Supplied data ->
_ _ _ _

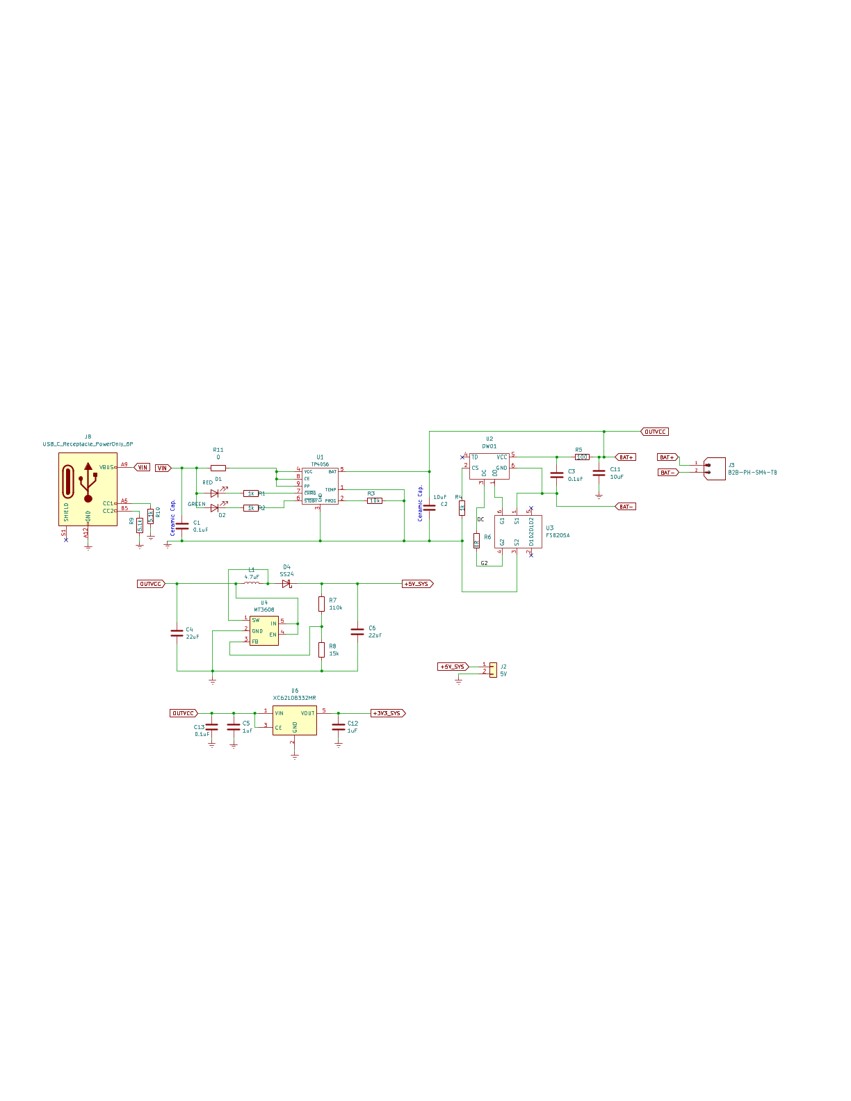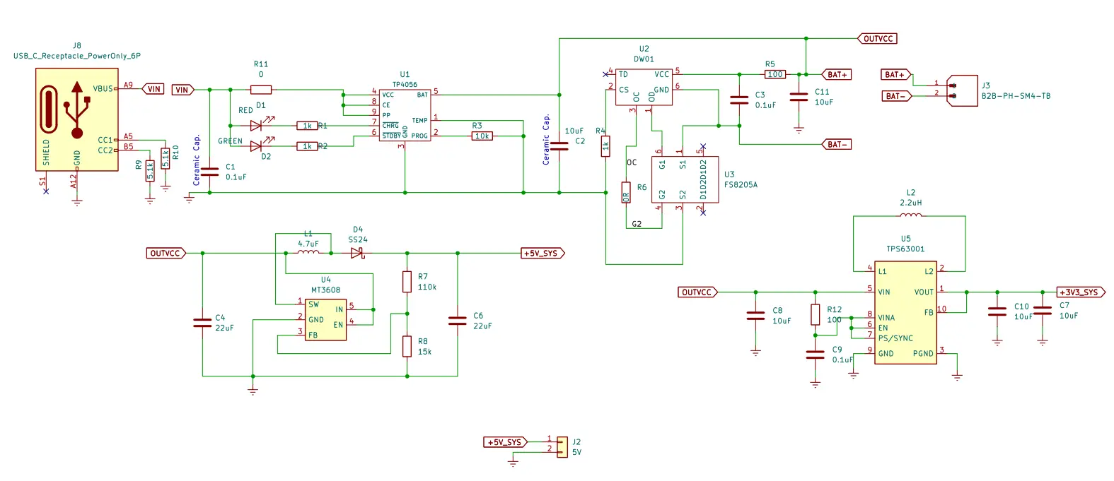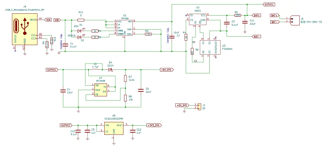 Hallo zusammen,ich plane derzeit eine Stromversorgung für ein Mikrocontroller-Projekt (ESP32C3 super Mini lipo Versorgung)und würde mich über einen kurzen Blick auf den Schaltplan freuen.Eckdaten:Versorgung über USB-C (CC-Pins sind mit 5.1k abgeschlossen).Akku-Ladung via TP4056, Schutzschaltung über DW01.Systemspannungen: 5V (MT3608) und 3.3V (LD1117).Meine Fragen:LDO Stabilität: Der LD1117 ist ja bekannt dafür, bei Keramikkondensatoren am Ausgang zum Schwingen zu neigen. Reicht hier ein kleiner Serienwiderstand oder sollte ich besser auf Tantal/Elektrolyt setzen?Ladestrom: Aktuell ist der TP4056 auf ca. 130mA konfiguriert (R_{prog} = 10k). Erscheint das sinnvoll oder ist die thermische Last bei 1A (1.2k) auf einem 2-Layer Board erfahrungsgemäß unproblematisch?MT3608: Die Feedback-Widerstände sind für 5.0V berechnet. Gibt es hier Anmerkungen zum Layout des Boost-Konverters bezüglich EMV?Den Schaltplan habe ich als PDF/Bild angehängt. Vielen Dank vorab für konstruktive Kritik!
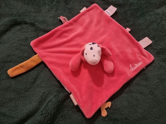 Doudou Noukie's Rose fuchsia pois bleu Amy et Zoé Doudou plat Chien Amy & Zoé rose blanc à pois NOUKIE’S
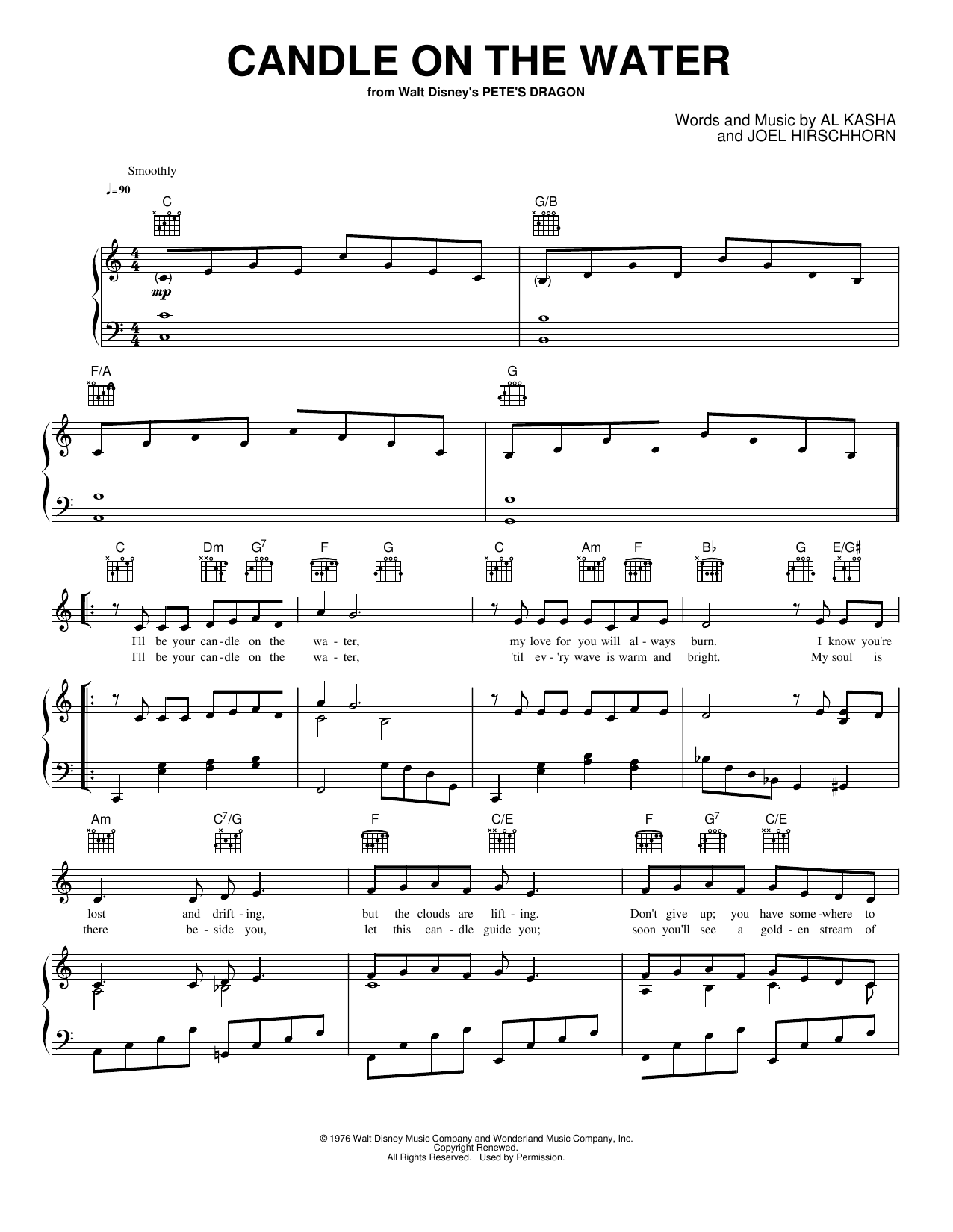 Download or print Al Kasha Candle On The Water sheet music, chords and digital score arranged for Piano, Vocal & Guitar Chords (Right-Hand Melody). This Pop score includes 3 page(s).
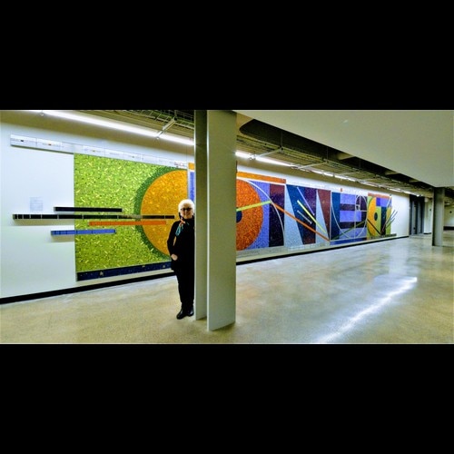 ''Connect,'' is installed in the main lobby of the Washkewicz College of Engineering at Cleveland State University. The artwork draws both an earthbound and metaphoric map anchored around Cleveland state's GPS coordinates, and water imagery flowing through the letter E evokes the natural wonder of lake Erie. The use of Cleveland Steel evokes the history of the city of Cleveland as a steel town and a modern industrial, corporate, and technological powerhouse. The seven monumental letters in the sculpture were designed to incorporate the golden rectangle. Pausing along the 75ft. pathway you can catch a glimpse of reflections in the mirror embedded mosaic. Words of wisdom from artists and scientists are engraved in the tile and patterns formed by glass and steel connect each piece of the mosaic to the next.

_ _ _ _

What you are asked to do -> Copy, exactly and exclusively, the lines beginning with the one that contains "Download or print" and ending with the last line of the listing; pictures are to be omitted.

Response to the exercise ->
 Download or print Al Kasha Candle On The Water sheet music, chords and digital score arranged for Piano, Vocal & Guitar Chords (Right-Hand Melody). This Pop score includes 3 page(s).
 ''Connect,'' is installed in the main lobby of the Washkewicz College of Engineering at Cleveland State University. The artwork draws both an earthbound and metaphoric map anchored around Cleveland state's GPS coordinates, and water imagery flowing through the letter E evokes the natural wonder of lake Erie. The use of Cleveland Steel evokes the history of the city of Cleveland as a steel town and a modern industrial, corporate, and technological powerhouse. The seven monumental letters in the sculpture were designed to incorporate the golden rectangle. Pausing along the 75ft. pathway you can catch a glimpse of reflections in the mirror embedded mosaic. Words of wisdom from artists and scientists are engraved in the tile and patterns formed by glass and steel connect each piece of the mosaic to the next.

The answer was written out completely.